Tuesday, March 31, 2009

March 31 2009

I have always wanted to keep a dream journal--even since i was really little.  Since I already have three journals I try to use as frequently as possible and sometimes get lazy with writing, I though maybe a dream blog would be a perfect solution.  I tend to be able to format my thoughts and think better on a keyboard anyways since sentences and thoughts come together faster with a keyboard and screen than with a pen and paper and keyboards doesnt get cramps and have to stop to take breaks and lose ideas in the process.
I should probably also mention i remember my dreams almost every time I sleep (I would say every night, but I hardly sleep at night atmore, at least not during what would traditionally be considered the "night hours")

I have had a few really good drems while I have been home--the kind that make you really happy and make you know it's going to be a great day.  The kind that make you know you're on the right path and that maybe it's not just wishful thinking.  The kind that wake waking life make sense.  I will exclude these however, because I feel their details will not fade and they have grown near enough to my heart that I don't wish them to be common knowledge.



I think the dream I had last night was a mix up of scenes from the perks of being a wall flower, ideals from eat pray love, and all of my hopes and wishes for the next 18 and some odd months of my life.    Those were the books i was reading until i finally fell asleep somewhere around 5 am, and summer and the semesters after are all I have been able to think about lately.  Life is getting very exciting.

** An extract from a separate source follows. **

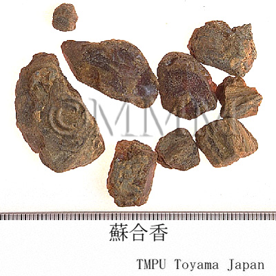 | 備考 | 中国長江流域,華南,台湾に分布する同属の フウ Liquidambar formosana Hance(楓,楓香樹)の樹脂を 「楓香脂」 と称し,同様に用いる.また福建省の Liquidambar edentata Merr.,広東省の L. chinensis Champ. の樹脂も利用できる可能性がある.

In my dream last night I went to a theater to see a movie--I don't remember which movie it was, or if it was even a real movie but I do remember that the theater was a grand, it had pillars and fabric on the walls and balconies.  And it was huge, even collosal.  Everyone i knew was there, seriously everyone.  Even the missionaries.  I wandered back to a place I felt like sitting it, and found that i was not without company even though I had gone to the theater that way.  
The boy sitting behind me was so-and-so from such-and-such place, neither of which i can remember now--or actually had probably ever heard of--but it made so much sense at the time.  I must have known him becuase I went back a row and sat beside him.  I also think we must have been really close because it was a rather emotional reunion, and he put his arm around me.  I think maybe we had dated previously.
Im not sure if the next chapter was the same dream, a different story, or both, but it seemed significant to me in a similar way.
I was at a boarding school, I think, somewhere in europe with some mates.  It feels like I should call them mates, not friends because of the nature of the dream.  We were silly and giddy as girls ofter are in exciting new places and on exciting new adventures.  I remember how excited we were to shave and shower and brush our teeth for the first time in a new city.  
I also remember a boy, I don't think he was a boy i actually know, maybe some sort of embodiment of all the things I've liked about all the boys I've know?  Something like that. 
He just felt really safe, like home.  We had some sort of connection that was real and deep.  I don't remember his name, but for some reason calling him "Broden" seems right.  I do not remember that or wish that to actually be his name, but it will work for now.  Broden was either my roommate, or just in the room while I was unpacking and setting up for a semester abroad.  I think the latter deserves it's day in the sun due to the fact that I honor it, and the fact that i had just read the last few letters of the perks of being a wall flower, including one of my favorite letters.   The one about charlie helping Sam pack for school.  Broden was smart, and gentle, and knew how to recover and fix my books when I though super gluing them to a cork-board would be a good storage place for them.  (Honestly, dreams can be so weird)  These books I had I'm pretty sure are not real books, I defiantly hadn't heard of them before, but i loved them still the same.  They were real to me.
At the end we were at a big assembly outside on steps, like those big political addresses in movies.  It was weird though because me and Broden were the ones on stage, and he had something really important to say, but I think i woke up before he said it, or I just don't remember.